Implementing a semantic layer as a metadata architecture or logical layer across enterprise systems requires planning in phases and incremental development to maintain cohesion and prevent fragmentation of shared metadata and semantic components across business groups and systems. Additionally, depending on the selected synchronization approach of the layer with downstream/upstream applications (push vs. pull), data orchestration and ETL pipelines will need to plan for a centralized vs. decentralized orchestration that ensures ongoing alignment.

Best Suited For

This approach is our most deployed and well-suited for organizations that want to balance standardization with the need for business unit or application level agility in data processing and operations in different parts of the business.

2. Built-for-Purpose Architecture: Individual Tools with Semantic Capabilities

This model allows for greater flexibility and autonomy at the business unit or functional level.

Architecture

This architecture approach is a distributed model that leverages each standalone system or application capabilities to own semantic layer components – without a connected technical framework or governance structure at the enterprise level for shared semantics. With this approach, organizations typically identify establishing semantic standards as a strategic initiative but each individual team or department (marketing, sales, product, data teams, etc.) is responsible for creating, executing, and managing its semantic components (metadata, taxonomies, glossaries, graph, etc.), tailored to their specific needs and requirements.

Most knowledge and data solutions such as content or document management systems (CMS/DMS), digital asset management (DAMs), customer relationship management (CRM), and data analytics/BI dashboards (such as Tableau and PowerBI) have inherent capabilities to manage simple semantic components (although with varied maturity and feature flexibility levels). This decentralized architecture results in the implementation of multiple system-level semantic layers.

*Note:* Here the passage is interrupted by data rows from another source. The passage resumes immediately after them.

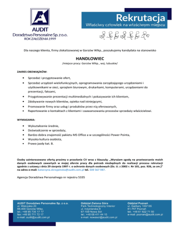 Dla naszego klienta, firmy zlokalizowanej w Gorzów Wlkp., poszukujemy kandydata na stanowisko HANDLOWIEC /miejsce pracy: Gorzów Wlkp., woj. lubuskie/ ZAKRES OBOWIĄZKÓW: • Sprzedaż i przygotowanie ofert, • Sprzedaż urządzeń wielofunkcyjnych, oprogramowania zarządzającego urządzeniami i użytkownikami w sieci, sprzętem biurowym, drukarkami, komputerami, urządzeniami do prezentacji, faksami, • Przygotowywanie prezentacji multimedialnych i pokazywanie ich klientom, • Zdobywanie nowych klientów, opieka nad istniejącymi, • Promowanie firmy oraz usług i produktów przez nią oferowanych, Raportowanie o kontaktach z klientami i zaawansowaniu procesów sprzedaży właścicielowi. • WYMAGANIA: • • • • • Wykształcenie średnie, Doświadczenie w sprzedaży, Bardzo dobra znajomość pakietu MS Office a w szczególności Power Pointa, Wysoka kultura osobista, Prawo jazdy kat. B. Osoby zainteresowane ofertą prosimy o przesłanie CV wraz z klauzulą: „Wyrażam zgodę na przetwarzanie moich danych osobowych zawartych w mojej ofercie pracy dla potrzeb niezbędnych do realizacji procesu rekrutacji zgodnie z ustawą z dnia 29 sierpnia 1997 r. o ochronie danych osobowych (Dz. U. z 2002 r. Nr 101, poz. 926, ze zm.)” na adres e-mail: [email protected] tel. 509 567 987. Agencja Doradztwa Personalnego nr rejestru 5335
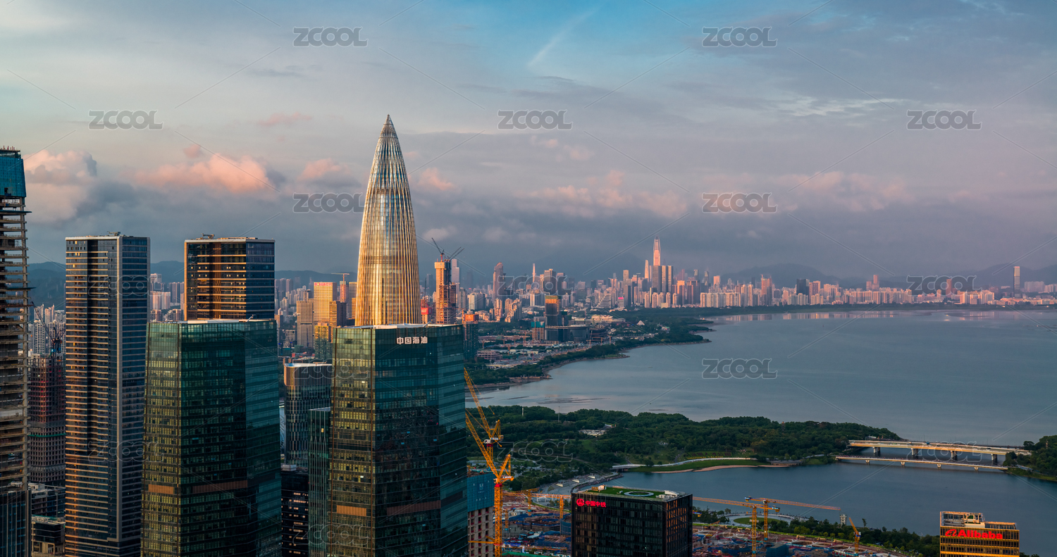 清晨的深圳后海海岸线高楼景观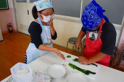【5年生】 家庭科 「食べて元気!ご飯とみそ汁」 〜だしを使っておひたし作り〜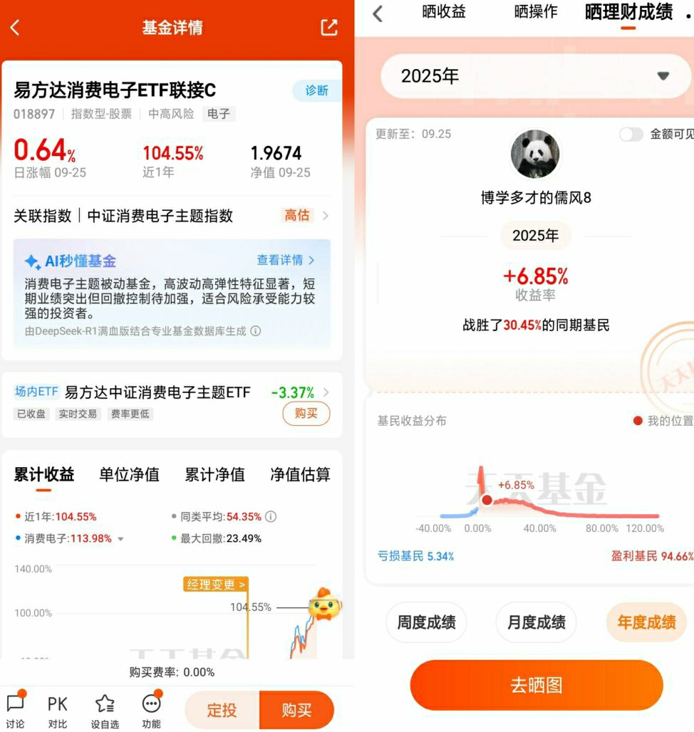 前三季度,我在科技和消费板块布局,科技基金因半导体等赛道波动,收益有起有伏;消费基金凭借稳定的消费需求,取得了较为稳健的收益 。最后一季度,我打算继续坚守消费赛道,同时关注国庆期间旅游、消费数据,若相关企业表现亮眼,考虑加仓对应消费基金;对于科技板块,逢低布局半导体相关基金,毕竟科技发展是长期趋势,短期波动或为布局良机,争取2025收官有好成绩!@易方达基金

Let’s take SharePoint as an example, an enterprise document and content collaboration platform. For organizations that are in the early stages of growing their semantic capabilities, we leverage the Term Store for structuring metadata and taxonomy management within SharePoint, which allows teams to create a unified language, fostering consistency across documents, lists, and libraries. This helps with information retrieval and also enhances collaboration by ensuring a shared understanding of key metrics. On the other hand, Salesforce, a renowned CRM platform, offers semantic capabilities that enable teams across sales, marketing, and customer service to define and interpret customer data consistently across various modules.

Pros

This decentralized model promotes agility and empowers business units to leverage their existing platforms (that are built-for-purpose) as not just data/content repositories but as dynamic sources of context and alignment, driving consistent understanding of shared data and knowledge assets for specific business functions.

Cons

However, this decentralized approach typically leads those users who need cohesive organizational content and data to do so through separate interfaces. Data governance teams or content stewards are also likely to manage each system independently. This leads to data silos, “semantic drifts,” and inconsistency in data definitions and governance (where duplication and data quality issues arise). This ultimately results in misalignment between business units, as they may interpret data elements differently, leading to confusion and potential inaccuracies.

Best Suited For

This approach is particularly advantageous for organizations with diverse business units or teams that operate independently. It empowers business users to have more control over their data definitions and modeling and allows for quicker adaptation to evolving business needs, enabling business units to respond swiftly to changing requirements without relying on a centralized team.

3. A Centralized Architecture: Within an Enterprise Data Warehouse (EDW) or Data Lake (DL)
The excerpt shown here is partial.